Model not found / 404 from the server — SGLang does not validate the request model field and
serves whatever model was loaded at startup, so a 404 usually means the request did not reach the
/v1/messages route at all. Confirm ANTHROPIC_BASE_URL points at the server (not missing the port) and
that the server finished loading.
Tool calls not working / returned as raw text — Launch the server with the correct
--tool-call-parser for your model (e.g. glm47, qwen3). Without it the tools field is still accepted
but the model’s tool calls come back as text instead of tool_use blocks, and Claude Code cannot execute
them.
Slow / re-prefills the whole history every turn — You are missing
CLAUDE_CODE_ATTRIBUTION_HEADER=0. Claude Code’s per-request attribution hash in the system prompt
defeats radix prefix-cache reuse; see the section above.
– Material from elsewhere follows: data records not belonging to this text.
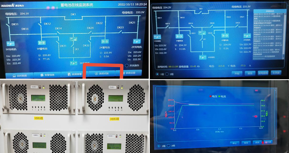 放電試驗時點擊“系統(tǒng)試驗”-“開始”,系統(tǒng)會自動檢測開關(guān)位置和直流系統(tǒng)狀態(tài)量。 試驗時開關(guān)自動操作無須人工干預(yù),有多條開關(guān)操作互鎖邏輯,手動操作開關(guān)時,如果直流系統(tǒng)狀態(tài)不符合操作開關(guān)情況則開關(guān)不動作,確保母線上負(fù)載供電可靠性,避免出現(xiàn)倒閘誤操作情況。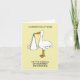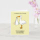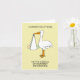 Ein Cartoon eines Riesenstorches, der ein neues Kind in einem weißen Blatt hält, Set vor einem hellfarbenen, lachsfarbenen Hintergrund. Die Worte "Herzlichen Glückwunsch zur Geburt Ihres ersten Enkelkindes" begleiten das Bild.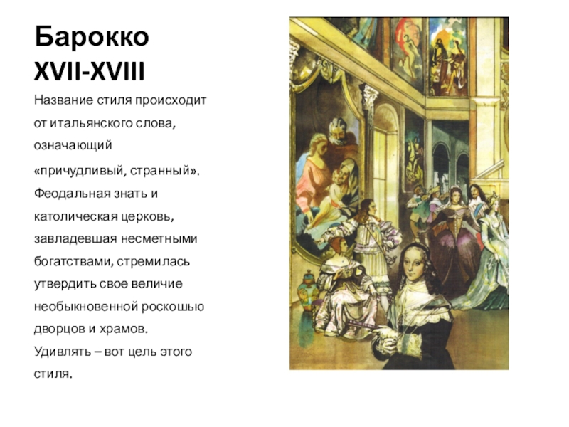 Феодальная знать и католическая церковь, завладевшая несметными богатствами, стремилась утвердить свое величие необыкновенной роскошью дворцов и храмов. Удивлять – вот цель этого стиля.

Context capped below 1M — The model name must end in [1m] for Claude Code to enable its 1M-context
beta. Verify ANTHROPIC_DEFAULT_*_MODEL uses the [1m] suffix, and that the loaded model’s native context
is 1M (GLM-5.2 is 1048576; pass --context-length only to cap it, not to extend).
Parameters
The/v1/messages endpoint accepts the standard Anthropic Messages API parameters. Refer to the
Anthropic Messages API reference for the full list.
Reasoning models are supported through the same --reasoning-parser mechanism as the OpenAI-compatible
endpoint; pass the model’s reasoning kwarg via the request (e.g. thinking for DeepSeek-V3-style models,
enable_thinking for Qwen3-style models). See OpenAI APIs - Completions for
the reasoning-parser / chat-template mapping.